However, let's do something different. We take the same sets N and E. We know that N has the even numbers. So we pair the members of E with the even numbers in N. We can do that perfectly and with each member of E in bijection with the even number members of N. What now of the odd numbers in N? They have no matching counterpart in E.

Doesn't this mean N > E? — TheMadFool

Not it doesn't. Because it doesn't meet the definition of ">", here is the definition:

X > Y if and only if there is an injection from Y to X, but there is no injection from X to Y.

↪fishfry
Do you agree that there exists at least one bijection from E to N?
— fishfry

So there was nothing wrong when Socrates defined humans as featherless bipeds and someone came along with a chicken plucked of all its feathers and declared "this is a human"? After all there was/is at least one human that fit the definition. — TheMadFool

I can only implore you to carefully re-read what I and others have written. Perhaps Cantor's beautiful ideas will come to you at some point. Perhaps not.

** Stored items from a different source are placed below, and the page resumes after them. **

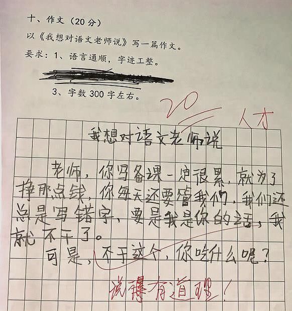 学生角度清奇,他站在了老师的角度去写这一篇作文。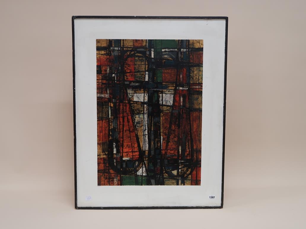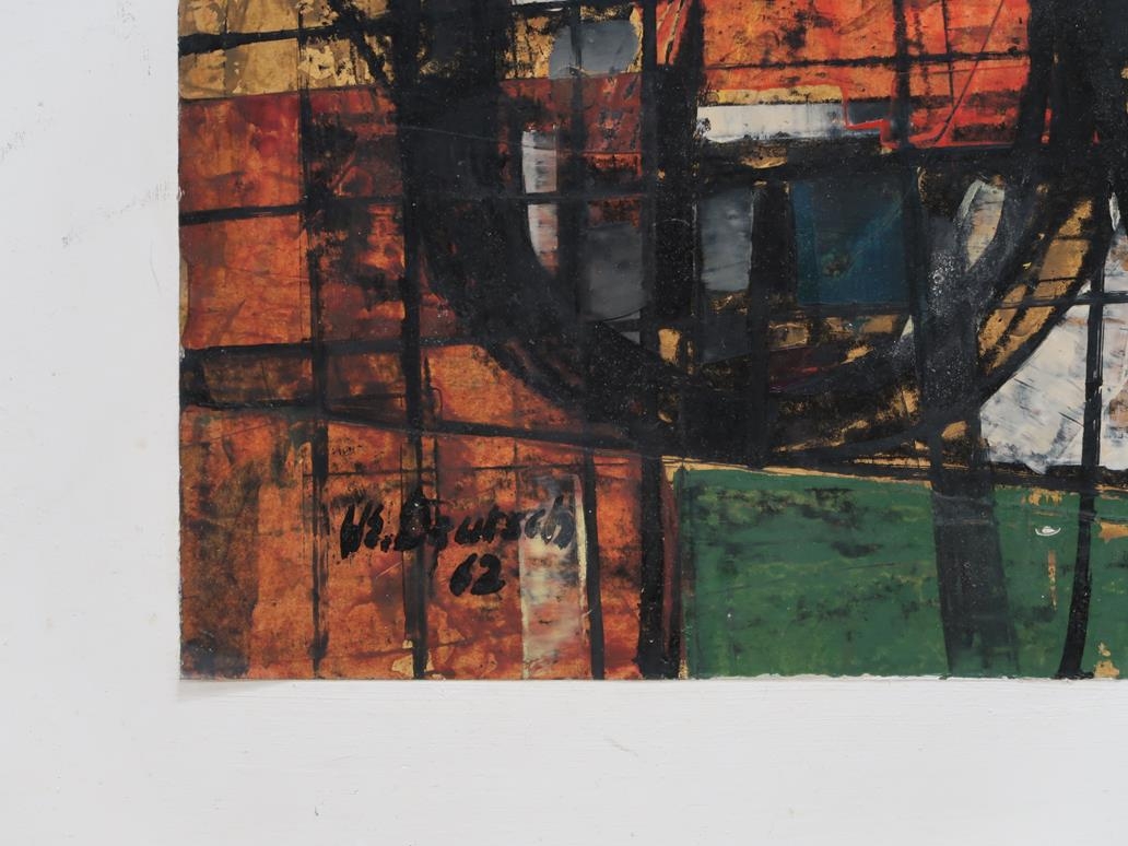 HANS EMIL DEUTSCH 42 - ABSTRACT, MIXED MEDIA, FRAMED, 70CM X 50CM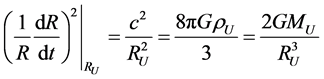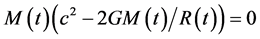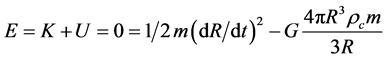 It is evident that these considerations represent a rough non relativistic schematization of the process. As a matter of fact in the energy density no trace of the kinetic energy of the expanding particles within the sphere appears nor their contribution to the potential energy because of the mass energy equivalence; the mass M is just an “effective” static source which is thought to represent reality and hence to determine the motion of m.

I can only implore you to carefully re-read what I and others have written. Perhaps Cantor's beautiful ideas will come to you at some point. Perhaps not. — fishfry

:clap: :ok: :up:

I really hope so too.Thanks.

I would just flip bits along the diagonal and have a sequence they didn't include on their list. — ee

[Direction is not a factor in forming a sequence.]

One can think of it as a game with symbols. — Eee — ee

[A well known mathematician, whose name escapes me, when asked to define mathematics replied "a manipulation of symbols". I was impressed by such a concise and accurate description.]

a quote by Cantor, Source:  Ewald, W., From Kant to Hilbert, Oxford 1996.
"[… Mathematics is in its development entirely free and is only bound in the self-evident respect that its concepts must both be consistent with each other, and also stand in exact relationships, ordered by definitions, to those concepts which have previously been introduced and are already at hand and established.  In particular, in the introduction of new numbers, it is only obligated to give definitions of them which will bestow such a determinacy and, in certain circumstances, such a relationship to the other numbers that they can in any given instance be precisely distinguished.  As soon as a number satisfies all these conditions, it can and must be regarded in mathematics as existent and real
"… the essence of mathematics lies entirely in its freedom".]"
We know what Cantor thought.
Cantor was most concerned with his standing in the mathematical community, beyond his bouts of depression. In publishing papers on the nature of infinity through his transfinite numbers, he claimed it was a supernatural revelation. Maybe expecting acceptance through authority, which does occur even in modern times. The well known mathematicians of that period didn't accept his ideas initially, so skepticism is not new.
He associated the truly infinite with GOD. He should have left it there.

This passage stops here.